I wonder if we need a new label.
Among the many interesting observations in recent posts here, there have been mentions of whether and how big-data style approaches could be applied in language documentation: those mentions include machine learning, NLP, computational linguistics, and so forth.
I’m all for the exploration and application of techniques of that ilk. But I also find myself thinking about how essentially all of those approaches to working with language really can’t get out of the gate without a sizeable corpus. It would be awesome if there were part-of-speech taggers and speech-to-text and text-to-speech and automated glossing and all that stuff for every language on the planet. But the fact of the matter is that for the vast majority of languages — and certainly for the vast majority of languages that documentary linguists and their colleagues work on — there just isn’t enough data to bootstrap such systems, yet.

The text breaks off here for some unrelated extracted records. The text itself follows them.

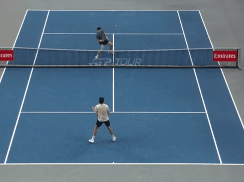 When serving to stay in the match at 4-5, 15-30, Shelton made a particularly loose error on a central forehand to give Fritz two match points. Shelton saved them both, the second with a beautiful wrong-footing inside-out backhand. But the next point, he went for too much and missed a forehand into the net. 40-40 in potentially the last game of the match: the sort of time de Minaur would play the percentages even more. But again he saved a match point, and again by attacking.
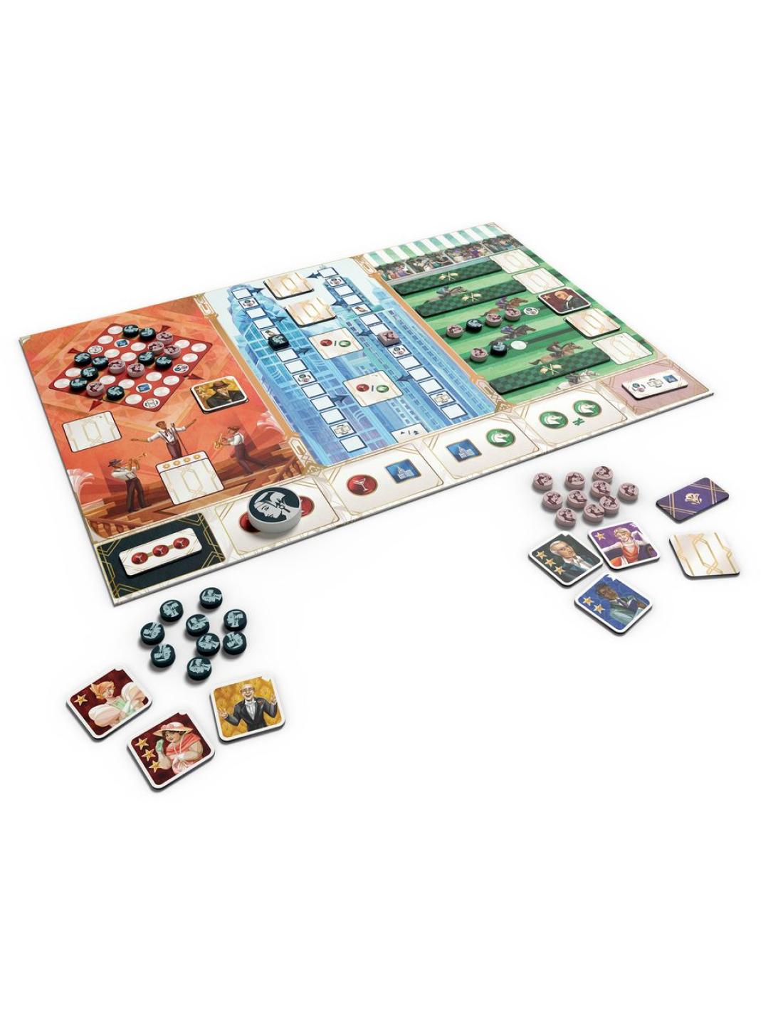 Chacun votre tour, votre adversaire et vous utilisez l'une des 4 actions disponibles pour tenter de recruter les personnages répartis dans 3 lieux : le Cabaret, le Centre financier et l’Hippodrome. Chaque lieu offre un défi différent : créez des connexions sur la piste de danse du Cabaret, gravissez les étages du Centre financier, ou remportez la majorité sur les pistes de l’Hippodrome.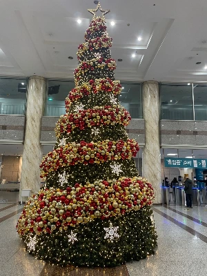 아직 해가 뜨지 않아 밖은 어두웠지만 로비의 크리스마스트리가

Maybe I’m misunderstanding what it takes to get going with numerically-oriented techniques. I know that certain NLP tasks (for instance) can get to high accuracy with a fairly small corpus. (Part-of-speech tagging is often put forth as the symbol of tasks for which high-accuracy is fairly easily attainable.)
But isn’t it an unavoidable fact that we are not beyond simple data entry? Put bluntly, we’re going to have to type. A lot. Even if we have help with glossing — and even if Zipf’s law is on our side, reasonable documentation of a language involves typing thousands and thousands of unique sequences of characters.

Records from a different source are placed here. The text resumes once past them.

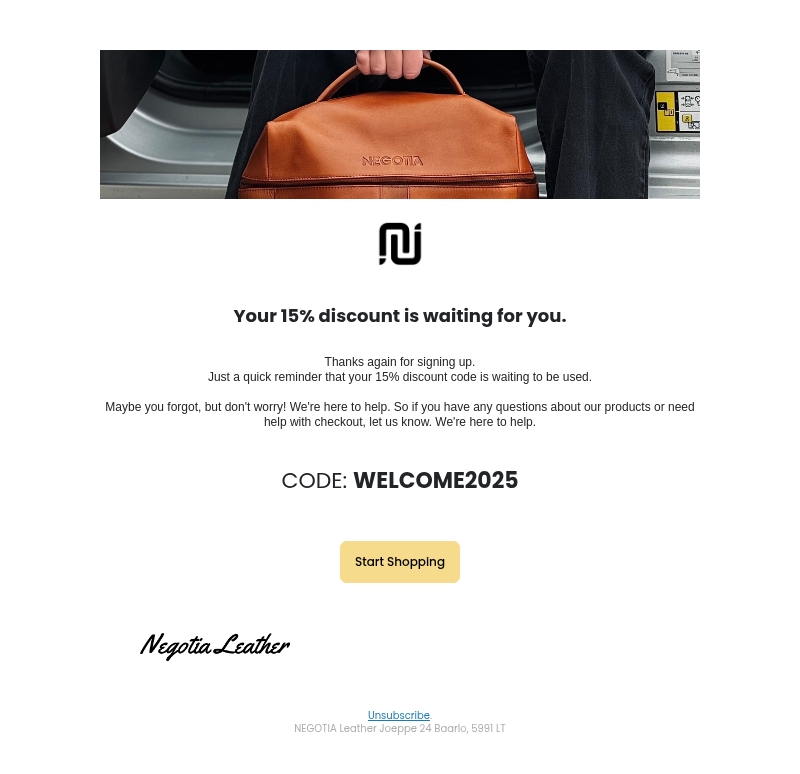 Dankzij je aanmelding ontvang je een exclusieve korting van 15% op je volgende aankoop bij Negotia Leather. Gebruik de kortingscode WELCOME2025 om te profiteren van deze aanbieding. Vergeet niet onze hoogwaardige producten te bekijken en contact op te nemen bij vragen.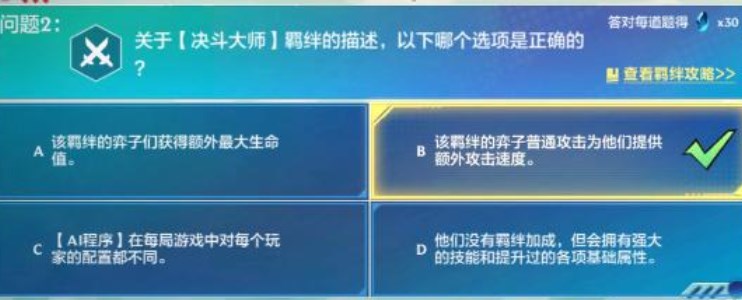 答案:B.该羁绊的弈子普通攻击为他们提供额外攻击速度。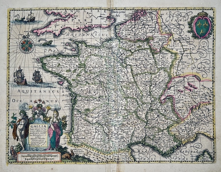 This hand-colored engraved map provides a comprehensive cartographic representation of the Kingdom of France, labeled Gallia. The detailed composition spans from the English Channel and the coast of Brittany in the west to the borders of Germany and Italy in the east, and from the Low Countries in the north to the Pyrenees and the Mediterranean Sea in the south. The map is embellished with a large decorative cartouche in the lower left corner featuring the title flanked by allegorical figures representing abundance, while the Royal Coat of Arms of France, bearing three fleurs-de-lis, adorns the upper right corner. Maritime elements, including sailing vessels and a compass rose, decorate the ocean areas, reflecting the artistic standards of seventeenth-century atlas production. This work originates from the renowned Mercator-Hondius atlas, which served as a primary geographic reference throughout Europe.

To my mind, this boils down to the fact that we face, primarily, a user interface problem. How do we make that difficult tasks somewhat less difficult? Well, by thinking in terms of user interfaces. By thinking — a lot — about design. About how linguists actually get their work done. About studying data lifecycles.
But this kind of stuff is traditionally not really in the linguist’s wheelhouse. Ling 101 does not help you learn to decide whether a dropdown or a checkbox is going to work better in your documentary task. And yet, I think, we do need to learn about that. We need to talk and share about how to convert what we do into designing tools to help us do it.
So what is that process called?
“Documentation design”?
“Digital documentation”?
<your suggestion here…>